Please transcribe every record below exactly, leaving out the pictures.

» **INPUT DATA**:
- Opening Delimiter -

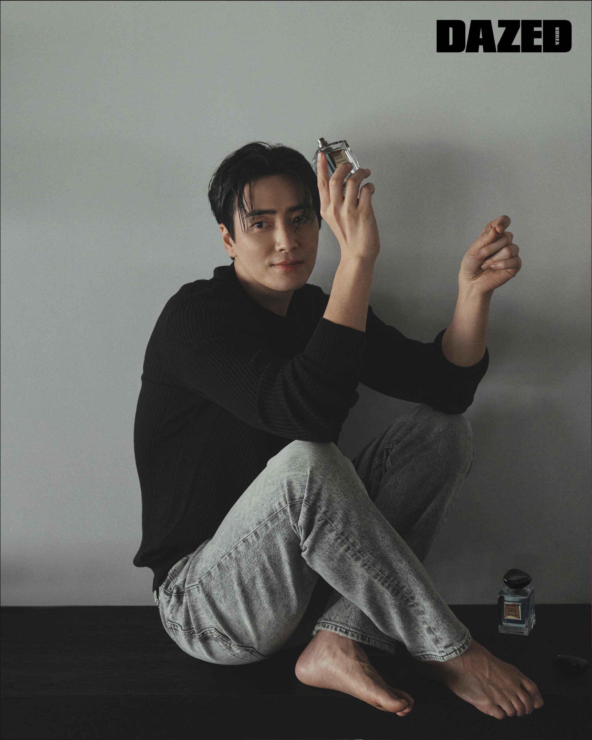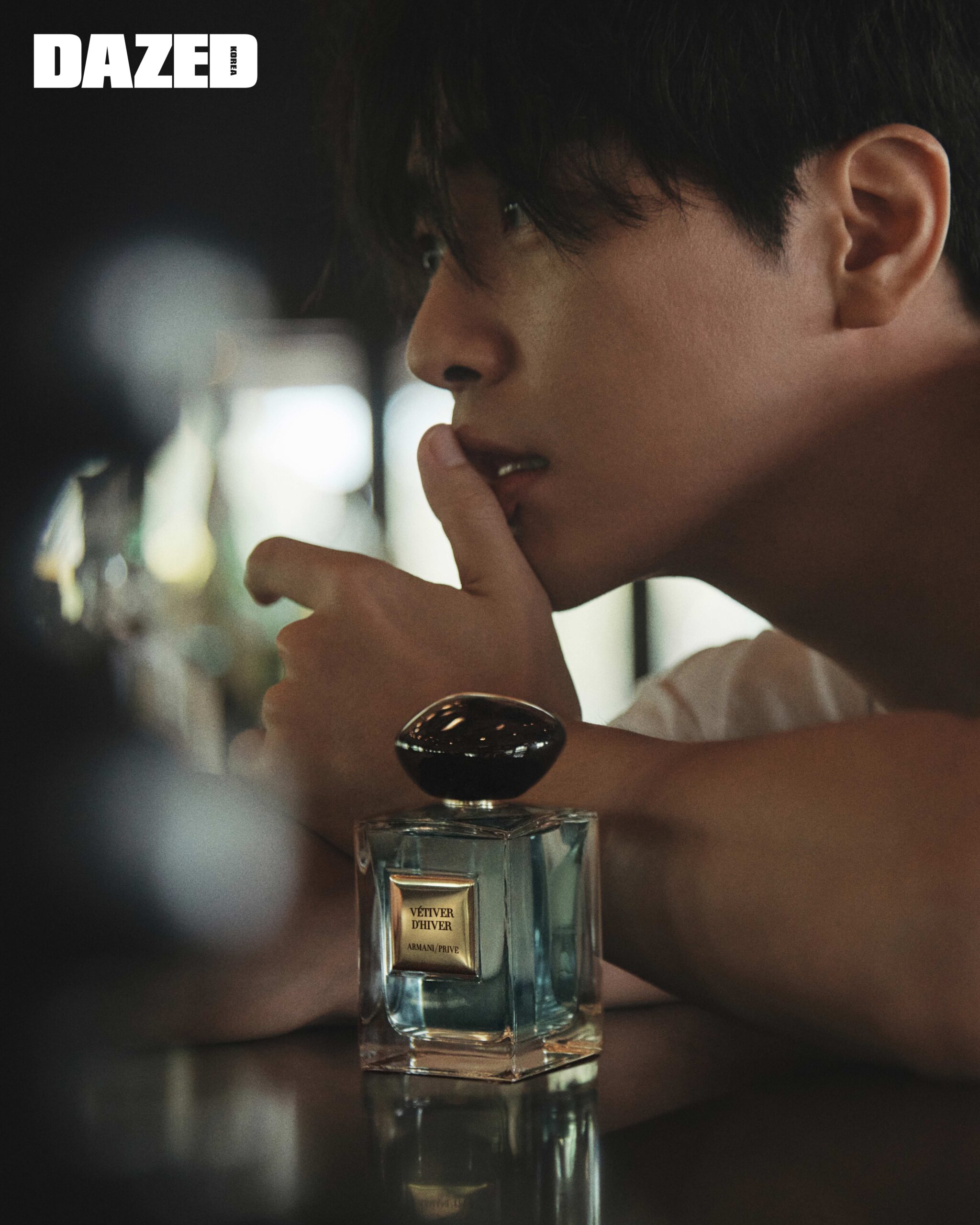 시트러스 계열로 상쾌하게 향이 시작되며, 차갑지만 따스한 매력을 지닌 깊은 풀향의 베티버와 파출리로 우아하게 마무리되는 향기 아르마니 뷰티 프리베 베티베 디베, 니트 톱은 조르지오 아르마니(Giorgio Armani), 데님 팬츠는 올세인츠(All Saints).
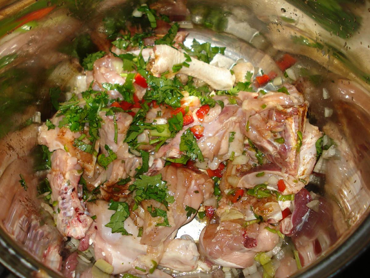 Cortar cebolla, cebollín, ajíes dulces y ajo. Añadir al pollo y sellar o dejarlo dorar por 2 min aprox en una olla profunda con aceite.
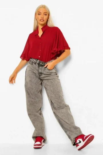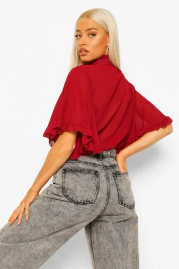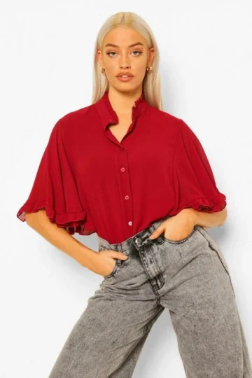 BOOHOO Woven Ruffle Angel Sleeve Blouse
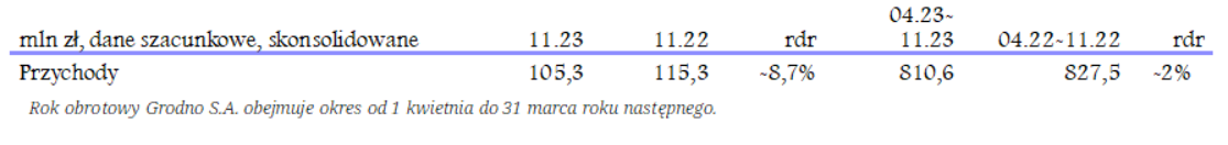 Zgodnie z najnowszymi szacunkami, w listopadzie skonsolidowane przychody Grodna wyniosły 105,3 mln zł, co oznacza spadek o 8,7% rdr. Narastająco po ośmiu miesiącach bieżącego roku obrotowego Grupa osiągnęła 810,6 mln zł przychodów, czyli o 2% mniej rdr.
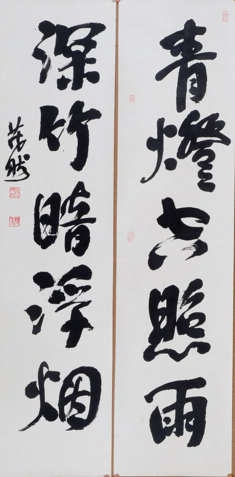 . 对 联 . 徐崇森,原名徐丛生,字茂然,以字行。1959年2月生于南京,少年曾被南京师范大学杨建候教授收为入室弟子学习绘画,又从草圣林散之、冯仲华等名家学习书法,87年毕业于无锡书法艺专,诸体兼擅,尤长于行草与楷书,纵逸洒脱,又时出新意,讲究自然,不主故常,楷书初学欧、颜、赵后专攻魏碑、汉隶。行书以二王为宗,偏钟于《十七贴》、《淳化阁贴》、《兰亭序》等。又遍习历代名家作品,五代杨凝式,明王铎。清黄道周,康有为,赵之谦,何绍基等,遂得悟真行草之法,国画根基坚实,尤其即兴作写意花鸟、山水、笔墨酣畅,富有意蕴,以雅逸清纯为基调。
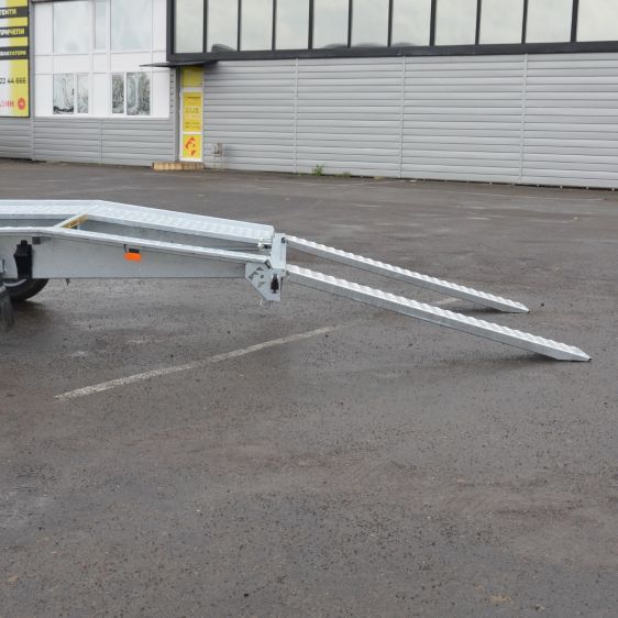 - Лавета укомплектована двома заїзними трапами довжиною 2 м, які надійно закріплені на рамі за допомогою воротків та зафіксовані з іншого боку кронштейнами з відбійниками для того, щоб під час руху вони не гриміли та не загубилися у дорозі.

- Closing Delimiter -

» **ANSWER TO THIS EXERCISE**:
 시트러스 계열로 상쾌하게 향이 시작되며, 차갑지만 따스한 매력을 지닌 깊은 풀향의 베티버와 파출리로 우아하게 마무리되는 향기 아르마니 뷰티 프리베 베티베 디베, 니트 톱은 조르지오 아르마니(Giorgio Armani), 데님 팬츠는 올세인츠(All Saints).
 Cortar cebolla, cebollín, ajíes dulces y ajo. Añadir al pollo y sellar o dejarlo dorar por 2 min aprox en una olla profunda con aceite.
 BOOHOO Woven Ruffle Angel Sleeve Blouse
 Zgodnie z najnowszymi szacunkami, w listopadzie skonsolidowane przychody Grodna wyniosły 105,3 mln zł, co oznacza spadek o 8,7% rdr. Narastająco po ośmiu miesiącach bieżącego roku obrotowego Grupa osiągnęła 810,6 mln zł przychodów, czyli o 2% mniej rdr.
 . 对 联 . 徐崇森,原名徐丛生,字茂然,以字行。1959年2月生于南京,少年曾被南京师范大学杨建候教授收为入室弟子学习绘画,又从草圣林散之、冯仲华等名家学习书法,87年毕业于无锡书法艺专,诸体兼擅,尤长于行草与楷书,纵逸洒脱,又时出新意,讲究自然,不主故常,楷书初学欧、颜、赵后专攻魏碑、汉隶。行书以二王为宗,偏钟于《十七贴》、《淳化阁贴》、《兰亭序》等。又遍习历代名家作品,五代杨凝式,明王铎。清黄道周,康有为,赵之谦,何绍基等,遂得悟真行草之法,国画根基坚实,尤其即兴作写意花鸟、山水、笔墨酣畅,富有意蕴,以雅逸清纯为基调。
 - Лавета укомплектована двома заїзними трапами довжиною 2 м, які надійно закріплені на рамі за допомогою воротків та зафіксовані з іншого боку кронштейнами з відбійниками для того, щоб під час руху вони не гриміли та не загубилися у дорозі.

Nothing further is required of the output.